→ WHAT TO WORK ON
Give the data again in full, exactly as written below.

(Data records)
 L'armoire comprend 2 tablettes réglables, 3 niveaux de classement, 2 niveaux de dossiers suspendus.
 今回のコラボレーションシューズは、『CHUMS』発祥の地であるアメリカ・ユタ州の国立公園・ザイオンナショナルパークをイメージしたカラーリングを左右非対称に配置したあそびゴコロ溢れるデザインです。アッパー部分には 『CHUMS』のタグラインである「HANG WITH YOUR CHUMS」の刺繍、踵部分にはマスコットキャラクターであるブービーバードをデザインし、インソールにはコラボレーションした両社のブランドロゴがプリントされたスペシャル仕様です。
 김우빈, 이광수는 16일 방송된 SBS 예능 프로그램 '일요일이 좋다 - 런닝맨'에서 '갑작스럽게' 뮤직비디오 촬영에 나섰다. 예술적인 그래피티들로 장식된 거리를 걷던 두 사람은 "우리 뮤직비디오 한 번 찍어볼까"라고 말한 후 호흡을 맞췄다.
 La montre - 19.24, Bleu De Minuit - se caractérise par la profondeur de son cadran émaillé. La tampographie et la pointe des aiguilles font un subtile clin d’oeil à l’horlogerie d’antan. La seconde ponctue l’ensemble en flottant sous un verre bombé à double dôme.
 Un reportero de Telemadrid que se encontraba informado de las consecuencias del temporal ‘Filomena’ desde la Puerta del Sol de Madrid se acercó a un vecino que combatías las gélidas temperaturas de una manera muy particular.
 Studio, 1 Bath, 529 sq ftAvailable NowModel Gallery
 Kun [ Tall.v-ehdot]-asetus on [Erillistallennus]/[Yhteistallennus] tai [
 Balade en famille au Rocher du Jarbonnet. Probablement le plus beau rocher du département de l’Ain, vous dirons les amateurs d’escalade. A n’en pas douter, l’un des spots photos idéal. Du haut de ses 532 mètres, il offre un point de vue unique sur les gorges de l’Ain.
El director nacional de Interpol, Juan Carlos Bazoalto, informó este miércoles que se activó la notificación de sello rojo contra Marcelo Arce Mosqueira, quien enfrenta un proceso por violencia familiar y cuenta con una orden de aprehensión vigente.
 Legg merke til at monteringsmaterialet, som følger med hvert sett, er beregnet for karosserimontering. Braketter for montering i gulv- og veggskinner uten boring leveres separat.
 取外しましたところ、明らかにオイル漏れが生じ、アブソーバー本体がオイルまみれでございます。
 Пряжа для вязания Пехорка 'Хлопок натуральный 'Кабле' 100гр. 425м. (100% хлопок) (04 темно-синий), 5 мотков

→ FINISHED TASK
 L'armoire comprend 2 tablettes réglables, 3 niveaux de classement, 2 niveaux de dossiers suspendus.
 今回のコラボレーションシューズは、『CHUMS』発祥の地であるアメリカ・ユタ州の国立公園・ザイオンナショナルパークをイメージしたカラーリングを左右非対称に配置したあそびゴコロ溢れるデザインです。アッパー部分には 『CHUMS』のタグラインである「HANG WITH YOUR CHUMS」の刺繍、踵部分にはマスコットキャラクターであるブービーバードをデザインし、インソールにはコラボレーションした両社のブランドロゴがプリントされたスペシャル仕様です。
 김우빈, 이광수는 16일 방송된 SBS 예능 프로그램 '일요일이 좋다 - 런닝맨'에서 '갑작스럽게' 뮤직비디오 촬영에 나섰다. 예술적인 그래피티들로 장식된 거리를 걷던 두 사람은 "우리 뮤직비디오 한 번 찍어볼까"라고 말한 후 호흡을 맞췄다.
 La montre - 19.24, Bleu De Minuit - se caractérise par la profondeur de son cadran émaillé. La tampographie et la pointe des aiguilles font un subtile clin d’oeil à l’horlogerie d’antan. La seconde ponctue l’ensemble en flottant sous un verre bombé à double dôme.
 Un reportero de Telemadrid que se encontraba informado de las consecuencias del temporal ‘Filomena’ desde la Puerta del Sol de Madrid se acercó a un vecino que combatías las gélidas temperaturas de una manera muy particular.
 Studio, 1 Bath, 529 sq ftAvailable NowModel Gallery
 Kun [ Tall.v-ehdot]-asetus on [Erillistallennus]/[Yhteistallennus] tai [
 Balade en famille au Rocher du Jarbonnet. Probablement le plus beau rocher du département de l’Ain, vous dirons les amateurs d’escalade. A n’en pas douter, l’un des spots photos idéal. Du haut de ses 532 mètres, il offre un point de vue unique sur les gorges de l’Ain.
El director nacional de Interpol, Juan Carlos Bazoalto, informó este miércoles que se activó la notificación de sello rojo contra Marcelo Arce Mosqueira, quien enfrenta un proceso por violencia familiar y cuenta con una orden de aprehensión vigente.
 Legg merke til at monteringsmaterialet, som følger med hvert sett, er beregnet for karosserimontering. Braketter for montering i gulv- og veggskinner uten boring leveres separat.
 取外しましたところ、明らかにオイル漏れが生じ、アブソーバー本体がオイルまみれでございます。
 Пряжа для вязания Пехорка 'Хлопок натуральный 'Кабле' 100гр. 425м. (100% хлопок) (04 темно-синий), 5 мотков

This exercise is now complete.